The scheduler does not compare a pod's request to the node's **real-time** memory usage. It compares it to the node's **allocatable** budget minus the **sum of requests** of every pod already admitted. Once that accounting pool is exhausted, the node is full from the scheduler's perspective — even if running pods use far less than they asked for.

This is by design. `.spec.containers[].resources.requests` acts as a reservation: the kubelet guarantees the pod can consume up to that amount without being throttled or OOM-killed relative to lower-priority workloads. Admitting a new pod that would push total requests beyond allocatable would break that guarantee for everyone already on the node.

`kubectl top` reports current utilization through the metrics pipeline. It is the right tool for capacity investigations and the wrong one for reasoning about scheduling — the two numbers are computed from different inputs and will legitimately disagree whenever pods request more than they currently use.

## Resolution

Right-size requests first; add hardware second.

1. **Audit request vs. actual usage** for the high-request pods on the saturated nodes. If a pod reserves `4Gi` but its 7-day P95 working set is `900Mi`, the reservation is wrong — lower it. A modest over-provision factor (typically 1.3× to 1.5× of P95) is a reasonable rule of thumb for stable workloads.

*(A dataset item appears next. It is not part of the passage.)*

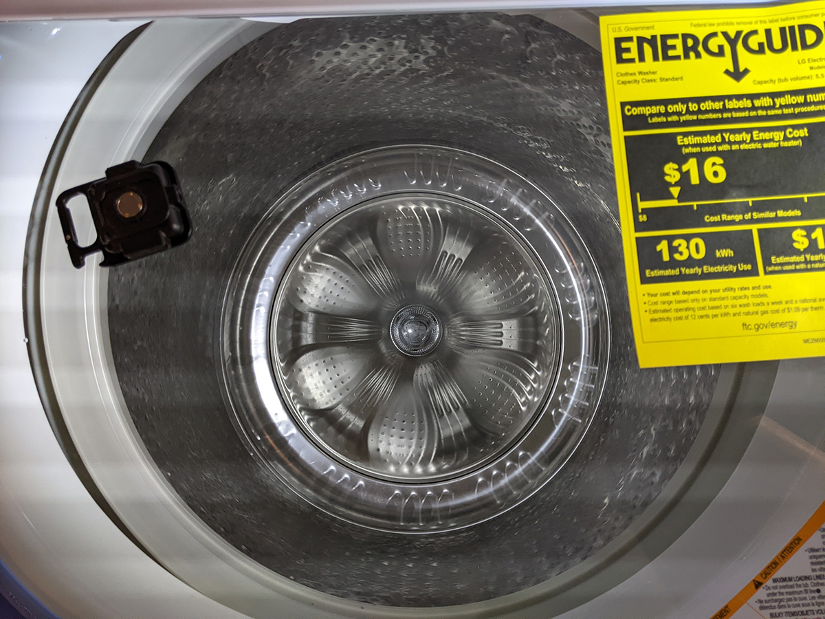 to run the test, we first power on the washer, then press the spin and soil buttons at the same time. i did that and the machine did nothing. i had to look online for answers. turns out, you're supposed to put the machine in normal first, turn off he power, turn it back on, and then press spin and soil, followed by the start button. the washer then went into a test mode, filling the tub briefly with cold then hot water, followed by a drain, then a spin dry. we realized that the drain hose just barely reached the basement sink, and when the washer initiated a drain, the water coming out from the pump was so violent i had to grab the drain hose otherwise it would've sprayed water everywhere. the spin cycle was mesmerizing, the washer actually locks the door during that time, to prevent injuries. with the led light shining into the tub we could see it spinning, but take the light away and inside the tub was just a blur.

2. **Separate requests from limits intentionally.** Setting `requests == limits` (Guaranteed QoS) consumes the most capacity. Most workloads are better served by `requests` sized for the P95 steady state and `limits` sized for the peak, placing them in Burstable QoS. Only infrastructure components that must never be OOM-killed need the Guaranteed tier.

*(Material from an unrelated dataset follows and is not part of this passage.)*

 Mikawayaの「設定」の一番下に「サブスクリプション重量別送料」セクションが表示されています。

3. **Use `LimitRange` to catch regressions.** A namespace-level default with reasonable ceilings keeps a single team from accidentally reserving an entire node:

```yaml
apiVersion: v1
kind: LimitRange
metadata:
name: default-requests
namespace: team-a
spec:
limits:
- type: Container
default: { cpu: "500m", memory: "512Mi" }
defaultRequest: { cpu: "100m", memory: "128Mi" }
max: { cpu: "4", memory: "8Gi" }
```

4. **Scale the cluster only after requests are honest.** Adding worker nodes to cover inflated requests simply relocates the waste. When additional capacity is genuinely required, a HorizontalPodAutoscaler for elastic services and a node autoscaler for the fleet are cheaper than permanently over-provisioning both.

## Diagnostic Steps

Compare allocatable memory to the sum of requests on each node:

```bash
kubectl describe node <node-name> | sed -n '/Allocated resources/,/Events/p'
```

The table at the bottom lists requests/limits per resource and the percentage of allocatable already reserved.

Find the top memory reservers on a suspect node:

```bash
node=<node-name>
kubectl get pods -A -o json \
--field-selector spec.nodeName=$node \
| jq -r '.items[] | .spec.containers[] as $c
| [.metadata.namespace, .metadata.name, $c.name,
($c.resources.requests.memory // "0")] | @tsv' \
| sort -k4 -h | column -t
```

Compare those numbers with real usage from the metrics pipeline:

```bash
kubectl top pod -A --containers | sort -k5 -h | tail -20
```

Inspect the pending pod's events to confirm the exact predicate that rejected each node:

```bash
kubectl describe pod <pending-pod> -n <ns>
```

If the imbalance is across a single deployment, look for a missing anti-affinity rule that is concentrating replicas on the already-saturated node.